Partial Deliver Vs Complete Deliver on Streams.... that is the question!
Our security team validates the date and time of the objects that reach production, which is why developers only delivered to RTC what changed, but this is a bad practice because when a new development begins the baseline will contain only a partial delivery of the system. So if they make complete deliveries of the system how can validate the security team which object was modified? |
One answer
Geoffrey Clemm (30.1k●3●30●35)
| answered Dec 15 '14, 12:57 a.m.
FORUM ADMINISTRATOR / FORUM MODERATOR / JAZZ DEVELOPER
A baseline on a stream contains all of the changes delivered to that stream, not just the most recent delivery.
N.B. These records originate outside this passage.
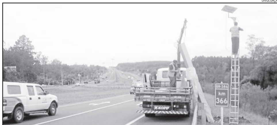
DNIT iniciou a instalação de lombada eletrônica na BR-386, no entroncamento com a Via Láctea

se contentam e argumentam que a medida ainda é paliativa. Entendem que deve ocorrer uma completa transformação do trevo/rótula para permitir um trânsito mais seguro e não comprometer o fluxo da BR-386, duplicada justamente para dar vazão ao grande tráfego diário de veículos.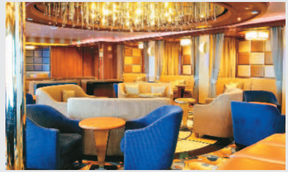
至尊公主號乘客被要求留在艙房內，交誼廳6日空無一人。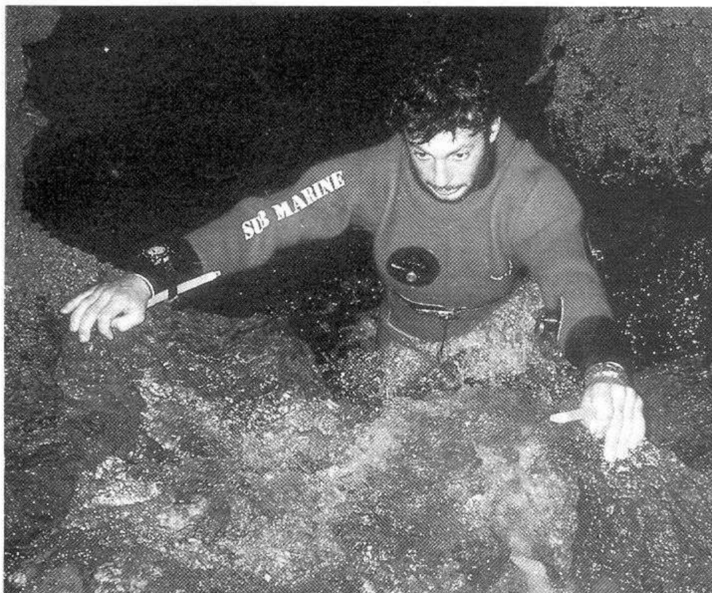
Grotte de la Mescla (Alpes Maritimes). Franchissement de la cascade avant le troisième siphon.

Gouffre de Montaudin (Fouchers) Gouffre-perte désobstrué par le Groupe spéléologique du Doubs. Doline, R 2, étroiture, P 18, méan-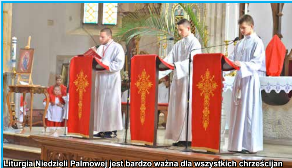
Liturgia Niedzieli Palmowej jest bardzo ważna dla wszystkich chrześcijan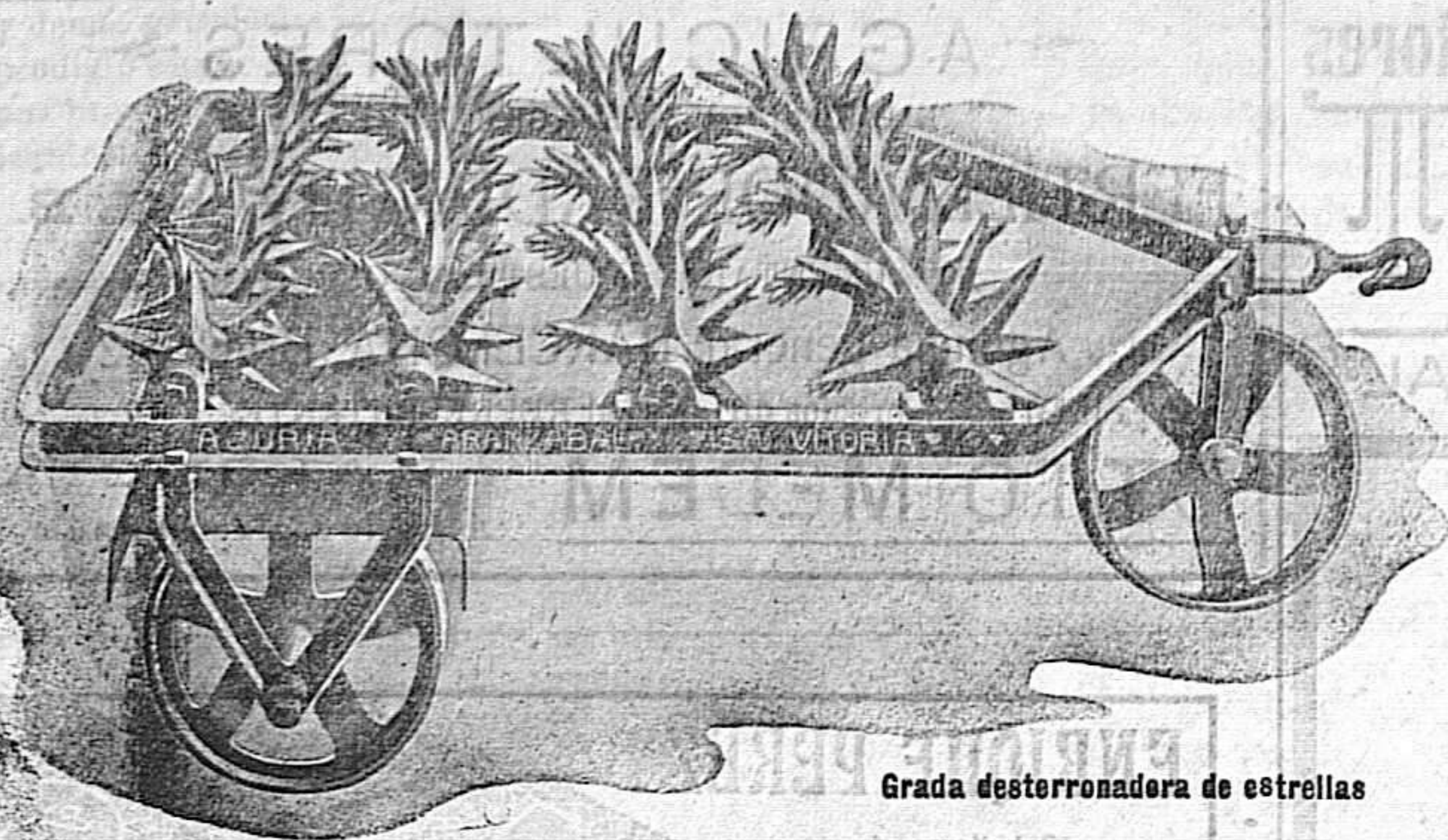
Grada desterronadora de estrellas

ARADOS, DE VERTEDEA de todas clases. GRADAS de muelles, desterronadoras etc. PULVERIZADORES DE ISCOS.-ROBILLOS. CULTIVADORES para viñas, ESPECIALES para rejacar. MOLINOS, QUEBRANTADORES, CORTAARICES, GORTAPAJAS.-SEMBRADORAS DE DISCOS.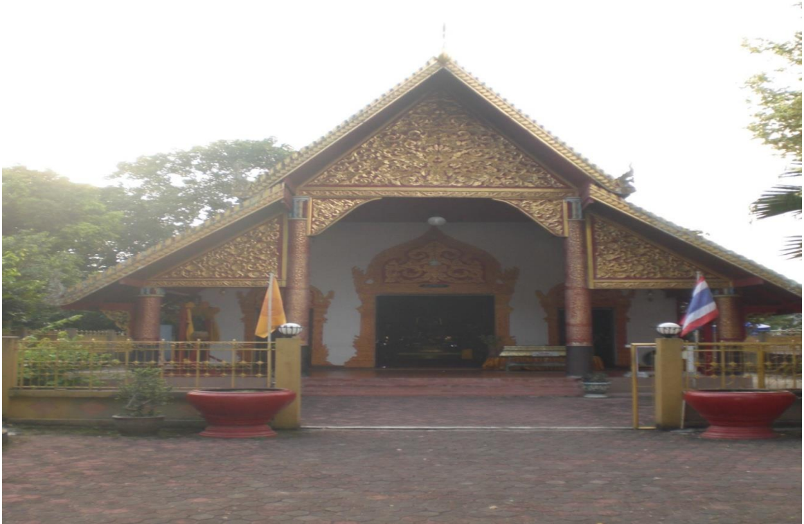
ภาพที่ 29 วัดพระธาตุคอกยทอง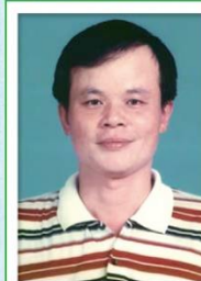
第 15 任家長會長

So there is no such thing as a "partial delivery".
Comments
+A (modified) - B - C A better practice would be to give A (Modified) without removing B and C.Then in the next load can get a full version of the application. I hope to explain better.
Geoffrey Clemm
commented Dec 17 '14, 1:43 p.m.
FORUM ADMINISTRATOR / FORUM MODERATOR / JAZZ DEVELOPER
Just to confirm we are talking about the same use case, are A, B, and C files/directories in a given RTC component, or are they separate RTC components? In particular, when you say "the development team creates a baseline only with A and removes B and C", does that mean the development team deleted the files B and C, and then baselined the result? If so, unless they really intended on deleting B and C from the system, they shouldn't be deleting them before baselining.
sam detweiler
commented Dec 17 '14, 1:46 p.m.
Baseline is on EVERYTHING in a stream, a checkpoint over everything at one moment. Usually you do this because they all deliver to production at the same time, and you want a concise record.